Hey guys, I understand that if you lift an object a short distance in the air that it takes work because you are moving against the the weight of the object through a distance. So the equation in my mind is W=mgdcos\Theta where \Theta=0. But what I can't figure out is what if I lift the object with a force that accelerates the object F>Weight. If I lift an object with a force equal to it's weight is the work different than if I accelerate the object to the same height? I hope this makes sense.

 

[Andy Resnick]

If I lift an object with a force equal to it's weight is the work different than if I accelerate the object to the same height?

No, because the work is not dependent on the path the object took. The work (in this case) is only given by the change in gravitational potential energy of the lifted object, and the potential energy is only due to the position of the object, not how fast it's moving at that position.

Now, if you want to talk about the work your muscles expended during the lifting, that's most likely different depending on the speed of lifting. Most likely, a machine could also consume different amounts of power depending on the rate of lifting.

 

[hydrogen1]

Wouldn't I be putting in the work to change potential energy and giving the object kinetic energy too? I do understand that the potential energy is a state function

 

[Andy Resnick]

I think I understand your question a little better. Work = Force*distance, and if you vary the force (i.e. the object's acceleration), you can vary the work done on the object. Some of that work will be used to change the potential energy, and the rest goes to kinetic energy.

 

[georgir]

No, because the work is not dependent on the path the object took. The work (in this case) is only given by the change in gravitational potential energy of the lifted object, and the potential energy is only due to the position of the object, not how fast it's moving at that position.

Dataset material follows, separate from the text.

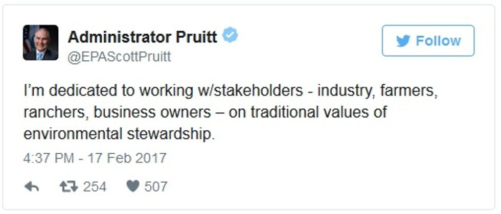Pruitt didn’t mention public health once in his first speech to agency employees, instead focusing on improving the EPA’s relationship with private interests. In a tweet after his speech, Pruitt said he was committed to working with several types of “stakeholders” on environmental stewardship. He did not mention environmentalists as one of those stakeholders.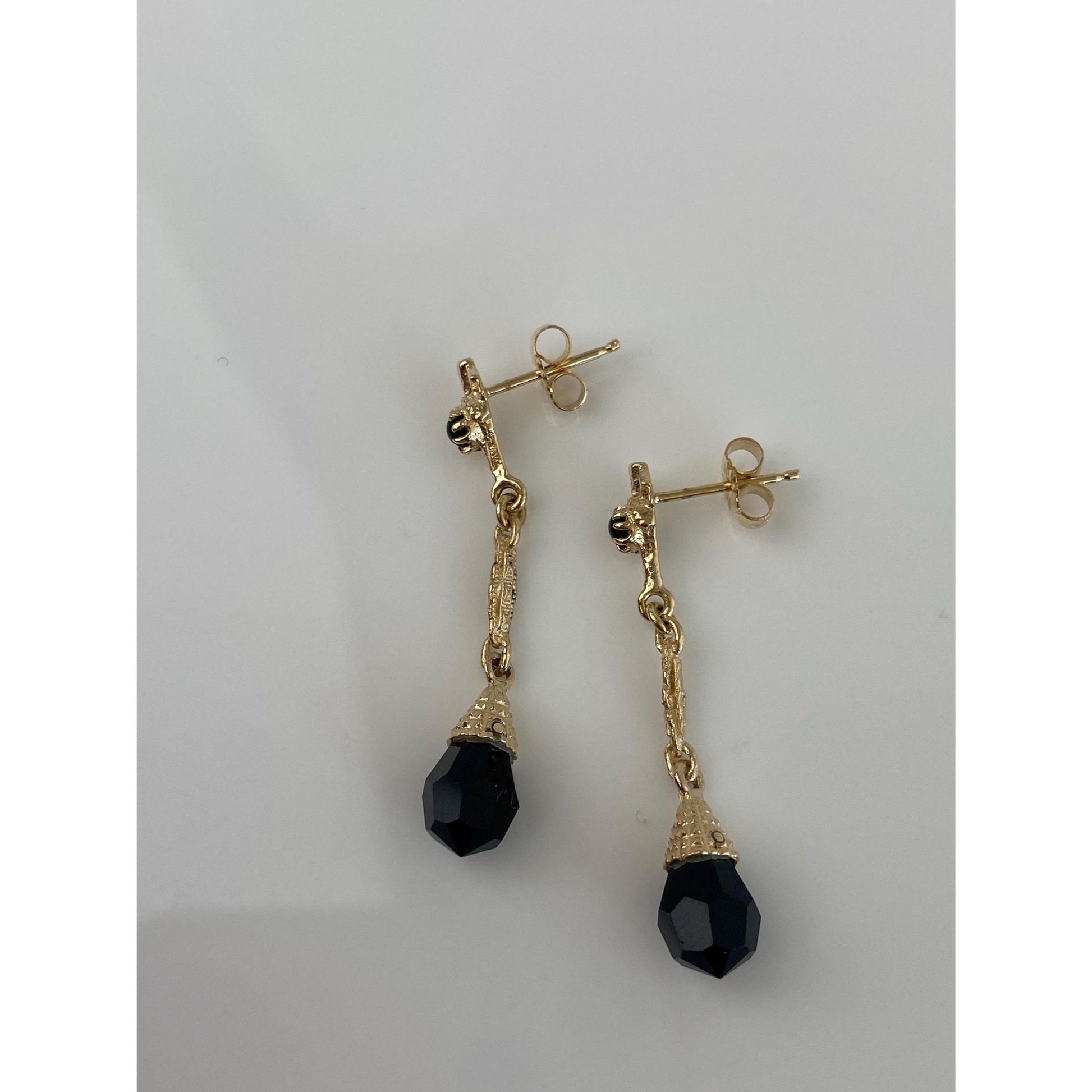 Solid 14k Black Onyx Dangle Stud Earrings

Totally not so. The work is given by the change in total energy. That means potential energy change, but also kinetic energy change. If the object has more speed at the end of the exercise, then you did more work, even if it is at the same height so far. This additional speed means that eventually the object will continue moving up and reach higher height on its own.

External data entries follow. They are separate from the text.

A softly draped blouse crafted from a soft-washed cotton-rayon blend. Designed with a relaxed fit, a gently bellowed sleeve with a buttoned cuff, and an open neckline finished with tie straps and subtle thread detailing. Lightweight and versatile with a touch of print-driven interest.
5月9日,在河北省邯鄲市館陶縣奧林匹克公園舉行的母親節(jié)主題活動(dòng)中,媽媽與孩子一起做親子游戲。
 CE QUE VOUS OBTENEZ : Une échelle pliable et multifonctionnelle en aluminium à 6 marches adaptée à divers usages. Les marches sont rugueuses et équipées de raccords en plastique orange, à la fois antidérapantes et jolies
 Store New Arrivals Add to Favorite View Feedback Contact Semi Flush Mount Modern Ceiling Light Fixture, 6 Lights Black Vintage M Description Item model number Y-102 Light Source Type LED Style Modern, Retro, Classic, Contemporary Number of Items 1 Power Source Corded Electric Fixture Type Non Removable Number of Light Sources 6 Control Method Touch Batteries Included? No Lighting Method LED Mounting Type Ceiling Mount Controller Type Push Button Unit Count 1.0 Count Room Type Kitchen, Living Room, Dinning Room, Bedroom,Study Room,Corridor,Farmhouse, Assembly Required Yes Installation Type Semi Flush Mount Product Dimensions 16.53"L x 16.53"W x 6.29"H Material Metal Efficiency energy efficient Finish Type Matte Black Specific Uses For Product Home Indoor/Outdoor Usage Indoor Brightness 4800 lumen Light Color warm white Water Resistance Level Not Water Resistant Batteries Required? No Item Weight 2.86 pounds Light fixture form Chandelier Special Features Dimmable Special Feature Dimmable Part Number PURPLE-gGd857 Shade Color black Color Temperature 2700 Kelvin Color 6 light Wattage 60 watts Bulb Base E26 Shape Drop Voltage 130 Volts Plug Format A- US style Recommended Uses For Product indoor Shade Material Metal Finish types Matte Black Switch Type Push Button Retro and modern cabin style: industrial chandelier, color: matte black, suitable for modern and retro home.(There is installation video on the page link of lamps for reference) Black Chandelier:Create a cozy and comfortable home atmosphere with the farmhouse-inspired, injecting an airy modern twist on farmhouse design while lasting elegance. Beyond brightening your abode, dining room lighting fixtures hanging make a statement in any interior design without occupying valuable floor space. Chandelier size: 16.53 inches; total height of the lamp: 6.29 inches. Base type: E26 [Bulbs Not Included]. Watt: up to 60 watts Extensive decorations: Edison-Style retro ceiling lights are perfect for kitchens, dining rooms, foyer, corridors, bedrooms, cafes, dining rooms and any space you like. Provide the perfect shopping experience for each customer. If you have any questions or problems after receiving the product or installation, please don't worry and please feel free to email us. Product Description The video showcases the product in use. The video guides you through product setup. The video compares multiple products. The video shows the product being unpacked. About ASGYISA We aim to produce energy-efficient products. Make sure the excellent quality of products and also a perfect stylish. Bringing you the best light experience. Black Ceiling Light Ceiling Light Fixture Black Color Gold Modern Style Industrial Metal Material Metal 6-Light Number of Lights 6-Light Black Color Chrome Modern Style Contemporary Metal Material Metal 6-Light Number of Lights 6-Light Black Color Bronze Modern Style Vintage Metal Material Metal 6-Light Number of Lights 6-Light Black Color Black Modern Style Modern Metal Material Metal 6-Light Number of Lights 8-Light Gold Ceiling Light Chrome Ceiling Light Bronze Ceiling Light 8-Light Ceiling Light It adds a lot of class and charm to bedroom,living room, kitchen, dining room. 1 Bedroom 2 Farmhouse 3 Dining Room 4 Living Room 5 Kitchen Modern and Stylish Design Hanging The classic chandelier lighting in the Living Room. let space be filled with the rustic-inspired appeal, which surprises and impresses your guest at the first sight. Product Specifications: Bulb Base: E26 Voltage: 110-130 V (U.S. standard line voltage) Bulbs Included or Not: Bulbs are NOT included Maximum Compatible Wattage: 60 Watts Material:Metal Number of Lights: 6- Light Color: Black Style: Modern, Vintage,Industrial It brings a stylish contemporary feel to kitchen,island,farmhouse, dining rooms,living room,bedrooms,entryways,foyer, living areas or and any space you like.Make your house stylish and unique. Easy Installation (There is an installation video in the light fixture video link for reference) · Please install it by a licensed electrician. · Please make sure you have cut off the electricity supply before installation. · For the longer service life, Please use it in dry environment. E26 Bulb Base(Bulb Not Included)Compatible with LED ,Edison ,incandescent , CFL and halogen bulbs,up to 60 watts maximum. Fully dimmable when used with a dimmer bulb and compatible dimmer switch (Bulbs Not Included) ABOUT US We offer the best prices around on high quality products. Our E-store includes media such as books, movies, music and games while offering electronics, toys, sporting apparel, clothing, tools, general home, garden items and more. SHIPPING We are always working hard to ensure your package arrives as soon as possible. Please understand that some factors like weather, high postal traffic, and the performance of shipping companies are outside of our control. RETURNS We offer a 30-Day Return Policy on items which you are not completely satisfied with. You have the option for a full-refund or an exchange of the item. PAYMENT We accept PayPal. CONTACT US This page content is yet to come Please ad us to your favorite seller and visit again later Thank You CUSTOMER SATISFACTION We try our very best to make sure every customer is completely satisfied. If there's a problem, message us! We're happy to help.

Work is directly multiplication of the magnitude of the force by the distance traveled in the same direction as the force. So obviously lifting it with more force does more work.

 

[hydrogen1]

Ok, thanks this is now clear to me. The force applied - the weight of the object goes to kinetic energy

 

[Andy Resnick]

Totally not so. The work is given by the change in total energy. That means potential energy change, but also kinetic energy change. If the object has more speed at the end of the exercise, then you did more work, even if it is at the same height so far. This additional speed means that eventually the object will continue moving up and reach higher height on its own.

Work is directly multiplication of the magnitude of the force by the distance traveled in the same direction as the force. So obviously lifting it with more force does more work.

I had originally thought the OP meant the object is at rest at the two endpoints. When the OP clarified, my answer was adjusted.